* About this exercise: Once you find the line with "衙前营业所在醒目位置安排了四" in the data below, transcribe exactly each line from there to the line with "孩子们化身小小科学家,专注地", inclusive, and nothing else. Drop the pictures.

* Dataset records:
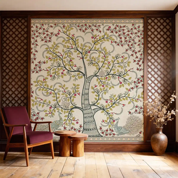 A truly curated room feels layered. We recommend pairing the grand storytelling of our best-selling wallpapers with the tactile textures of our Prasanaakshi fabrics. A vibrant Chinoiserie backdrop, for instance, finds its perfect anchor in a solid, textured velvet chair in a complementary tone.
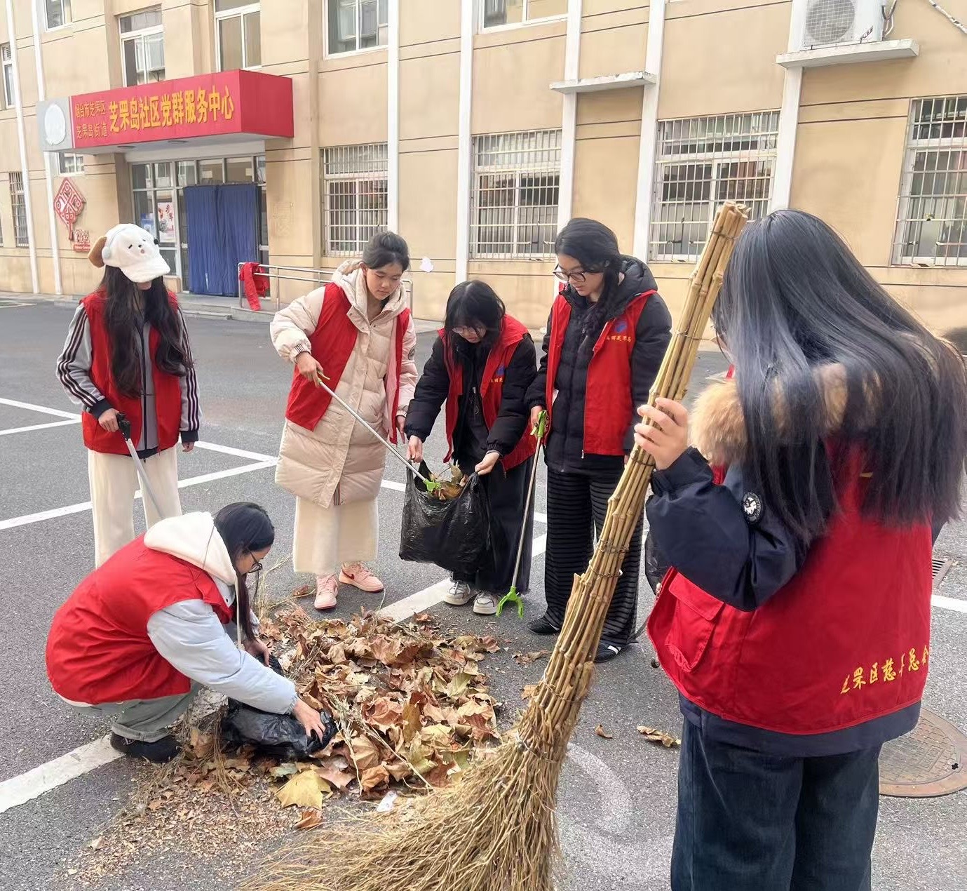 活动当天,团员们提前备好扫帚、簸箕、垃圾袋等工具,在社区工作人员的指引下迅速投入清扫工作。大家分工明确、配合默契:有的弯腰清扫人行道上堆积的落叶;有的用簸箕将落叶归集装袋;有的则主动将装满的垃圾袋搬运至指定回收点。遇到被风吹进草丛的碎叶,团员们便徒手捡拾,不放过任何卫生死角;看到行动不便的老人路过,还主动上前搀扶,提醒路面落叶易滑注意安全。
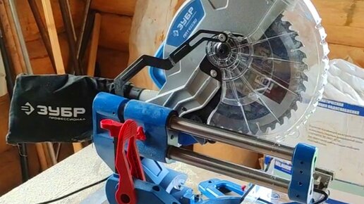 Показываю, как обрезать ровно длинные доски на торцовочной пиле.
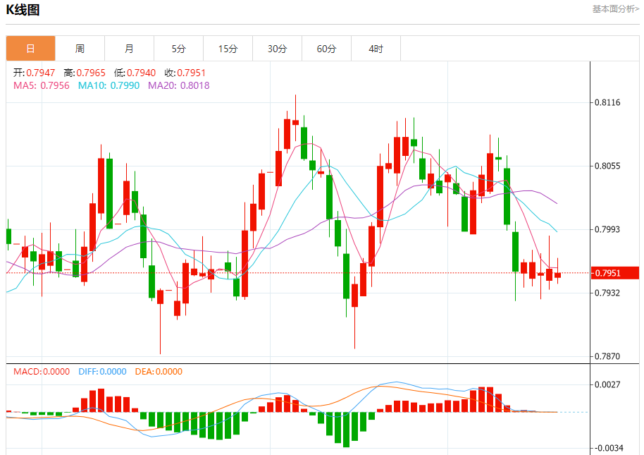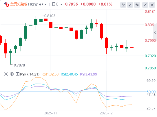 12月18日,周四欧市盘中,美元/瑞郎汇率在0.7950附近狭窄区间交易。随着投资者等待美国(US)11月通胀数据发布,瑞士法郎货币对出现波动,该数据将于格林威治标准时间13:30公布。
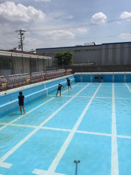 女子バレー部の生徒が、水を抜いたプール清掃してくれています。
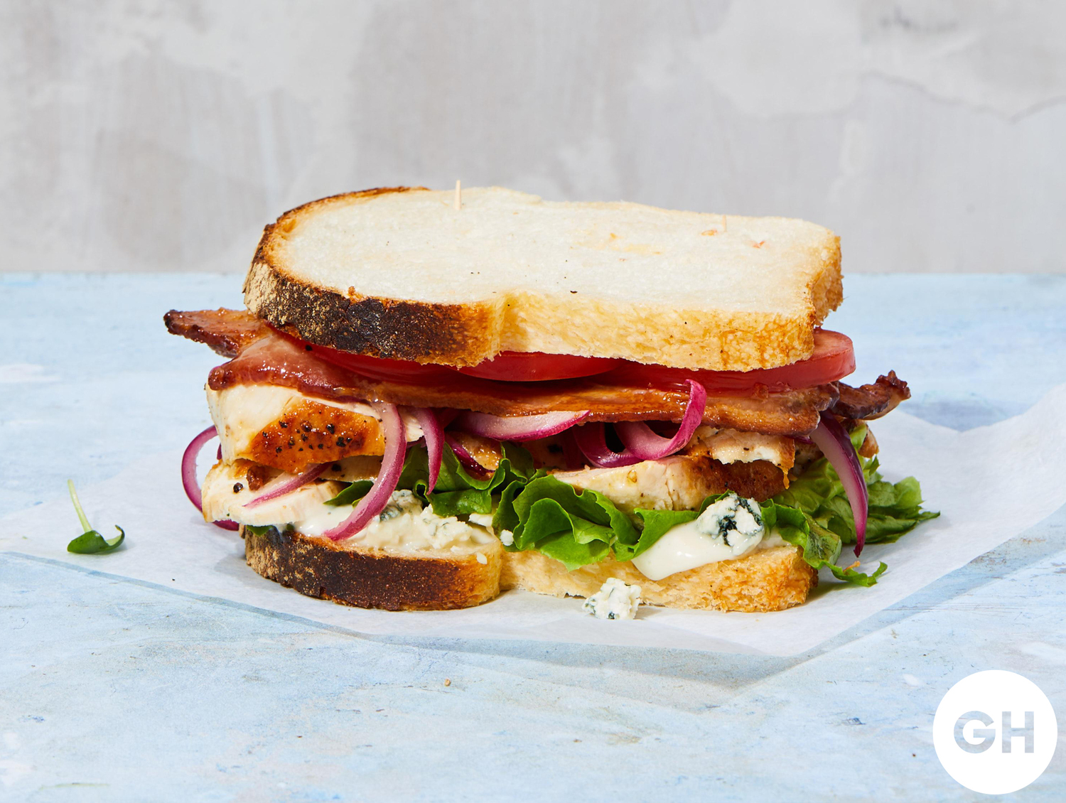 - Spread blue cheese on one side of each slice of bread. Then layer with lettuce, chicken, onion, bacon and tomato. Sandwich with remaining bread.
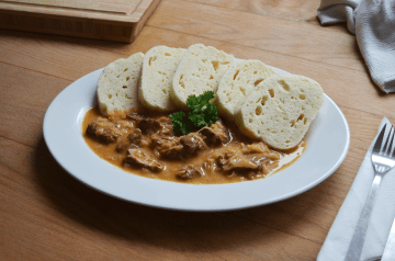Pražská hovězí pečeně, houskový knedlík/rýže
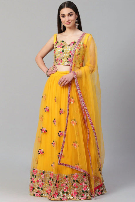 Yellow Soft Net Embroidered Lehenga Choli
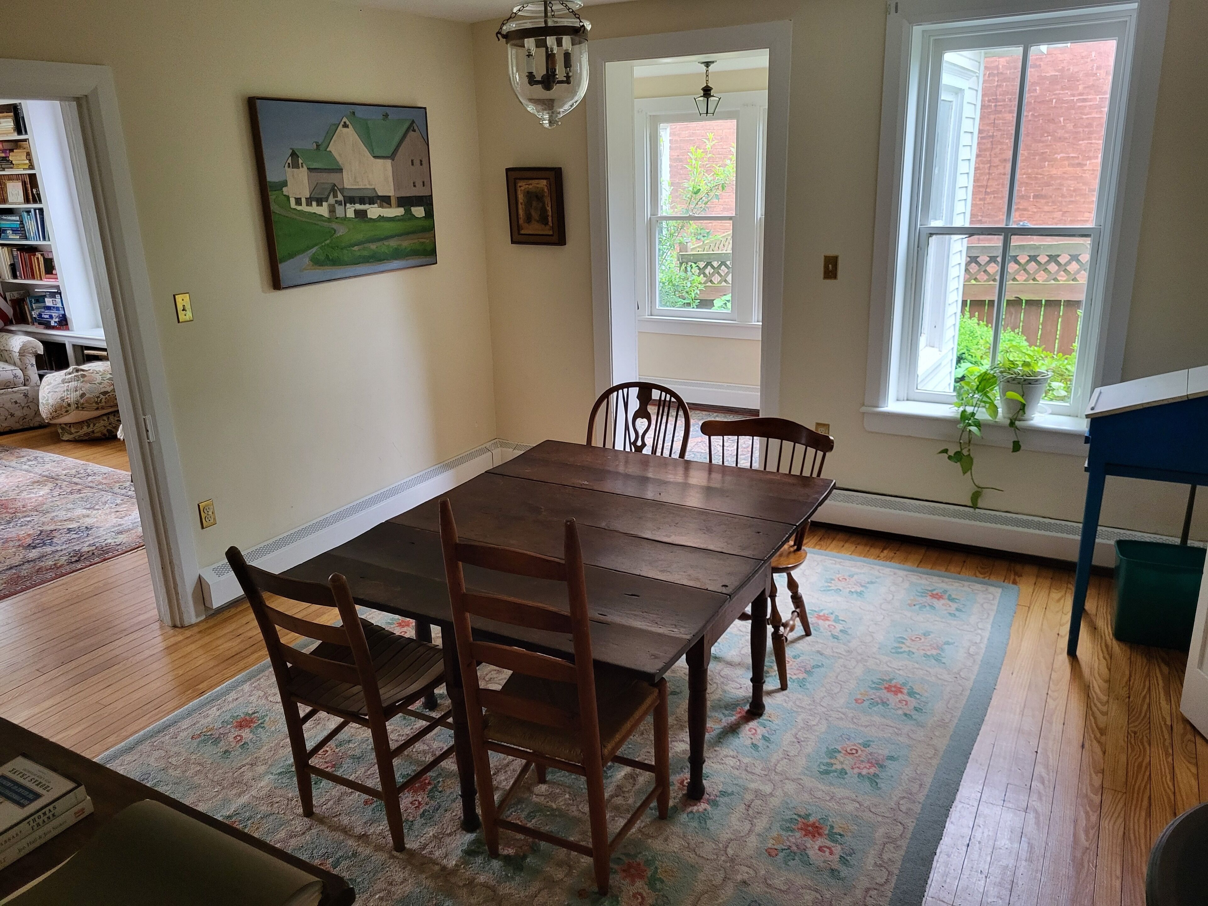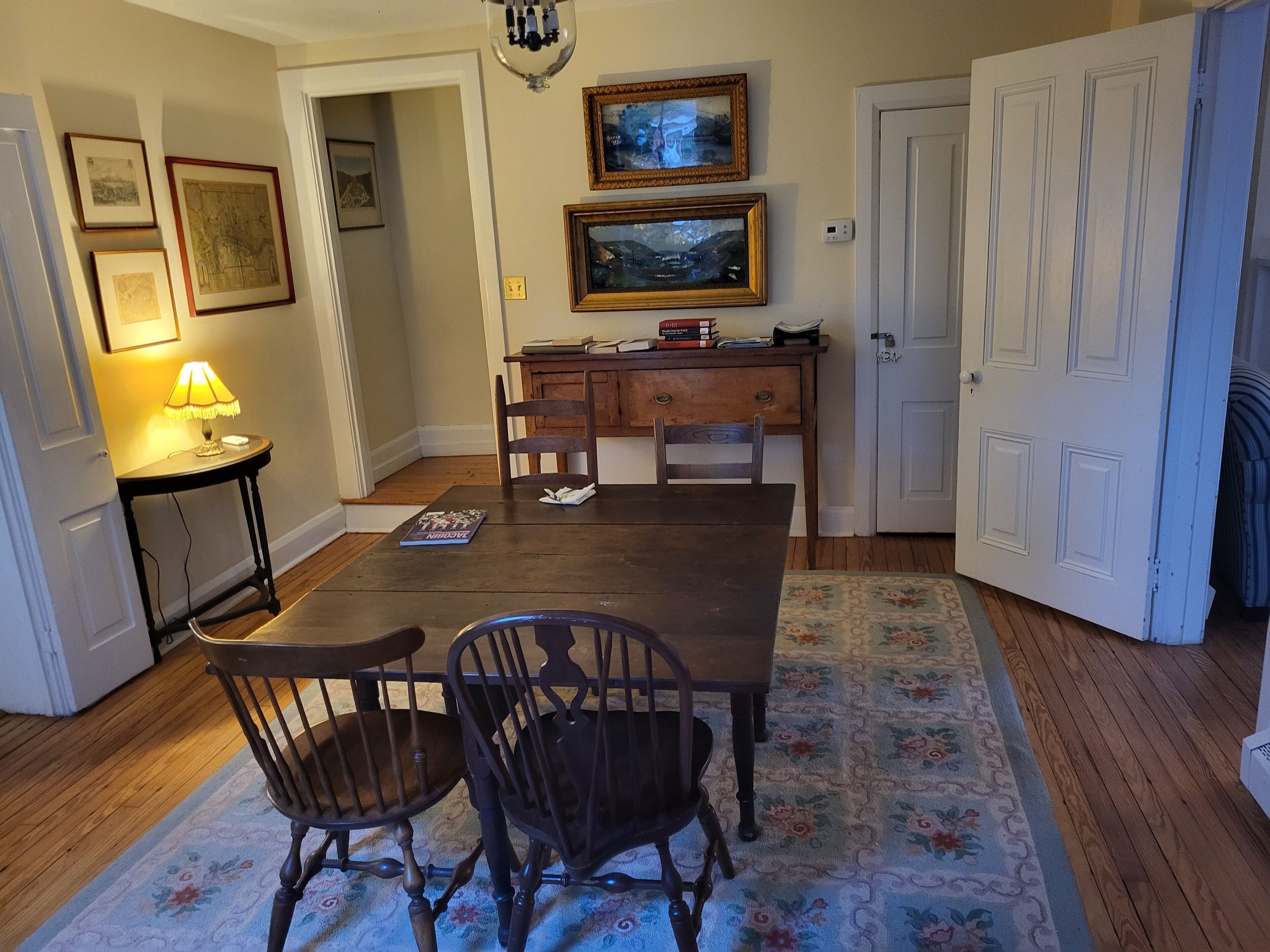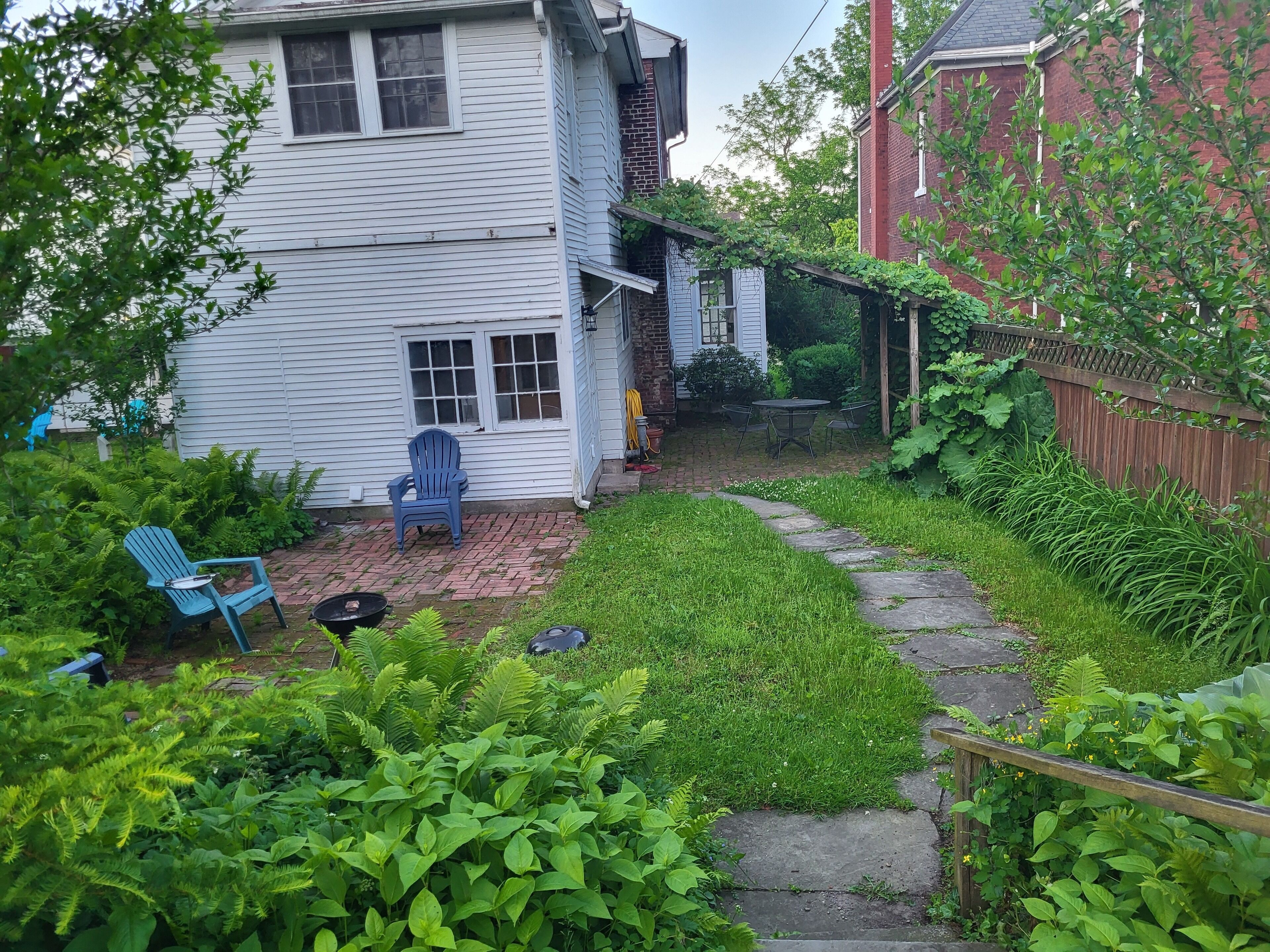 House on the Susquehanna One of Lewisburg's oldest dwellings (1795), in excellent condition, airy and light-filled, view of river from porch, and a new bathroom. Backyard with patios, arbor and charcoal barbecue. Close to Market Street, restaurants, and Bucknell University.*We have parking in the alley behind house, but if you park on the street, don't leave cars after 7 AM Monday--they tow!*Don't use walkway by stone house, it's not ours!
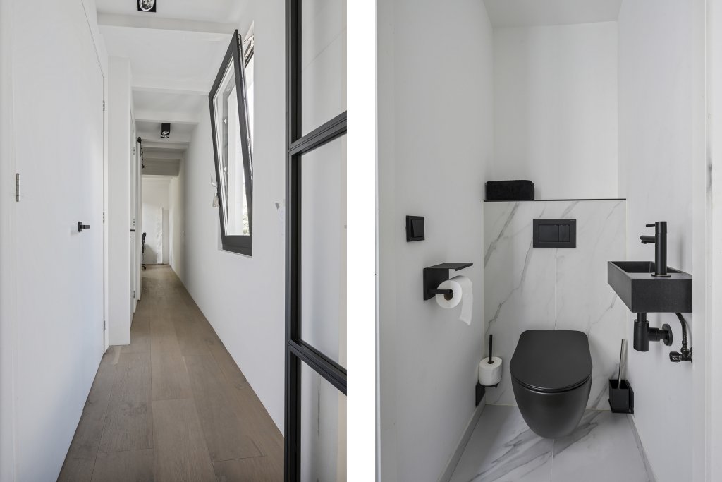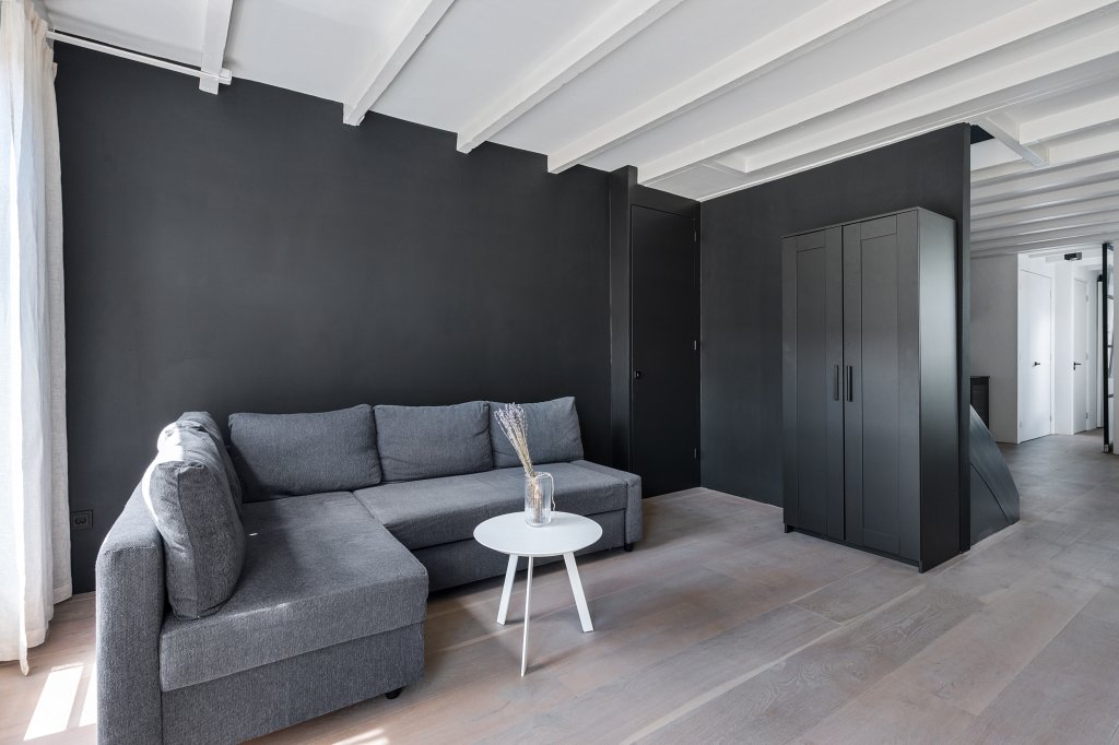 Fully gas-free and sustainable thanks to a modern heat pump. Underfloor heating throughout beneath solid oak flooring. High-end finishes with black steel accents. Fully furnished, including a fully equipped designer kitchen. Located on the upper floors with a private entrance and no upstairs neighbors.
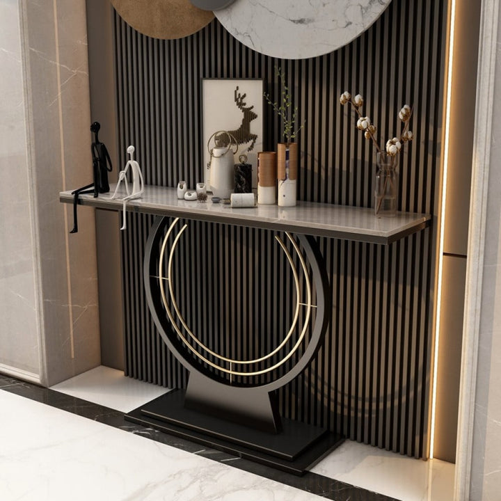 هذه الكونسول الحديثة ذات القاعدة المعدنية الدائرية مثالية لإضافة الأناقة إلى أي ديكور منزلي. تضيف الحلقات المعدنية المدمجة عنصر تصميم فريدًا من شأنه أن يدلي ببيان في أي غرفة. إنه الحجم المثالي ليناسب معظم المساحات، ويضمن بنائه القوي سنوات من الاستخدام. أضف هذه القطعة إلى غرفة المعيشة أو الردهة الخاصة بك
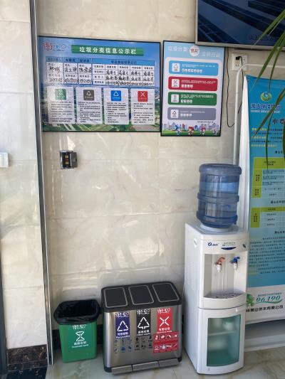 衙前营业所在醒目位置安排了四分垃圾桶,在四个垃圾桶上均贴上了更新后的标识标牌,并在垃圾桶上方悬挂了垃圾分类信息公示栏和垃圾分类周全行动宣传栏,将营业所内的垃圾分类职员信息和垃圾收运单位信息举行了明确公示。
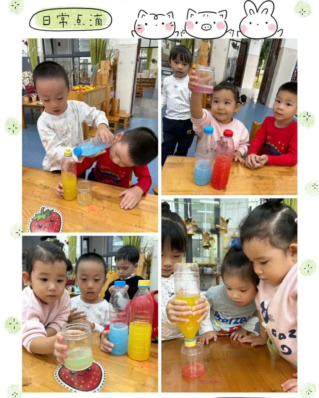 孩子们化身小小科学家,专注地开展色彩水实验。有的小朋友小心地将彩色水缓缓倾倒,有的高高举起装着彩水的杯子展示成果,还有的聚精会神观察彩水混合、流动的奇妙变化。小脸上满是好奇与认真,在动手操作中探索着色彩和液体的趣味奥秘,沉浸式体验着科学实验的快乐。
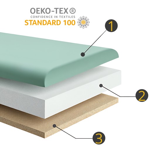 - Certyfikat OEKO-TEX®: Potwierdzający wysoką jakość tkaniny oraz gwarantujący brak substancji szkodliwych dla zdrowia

* Result of this exercise:
 衙前营业所在醒目位置安排了四分垃圾桶,在四个垃圾桶上均贴上了更新后的标识标牌,并在垃圾桶上方悬挂了垃圾分类信息公示栏和垃圾分类周全行动宣传栏,将营业所内的垃圾分类职员信息和垃圾收运单位信息举行了明确公示。
 孩子们化身小小科学家,专注地开展色彩水实验。有的小朋友小心地将彩色水缓缓倾倒,有的高高举起装着彩水的杯子展示成果,还有的聚精会神观察彩水混合、流动的奇妙变化。小脸上满是好奇与认真,在动手操作中探索着色彩和液体的趣味奥秘,沉浸式体验着科学实验的快乐。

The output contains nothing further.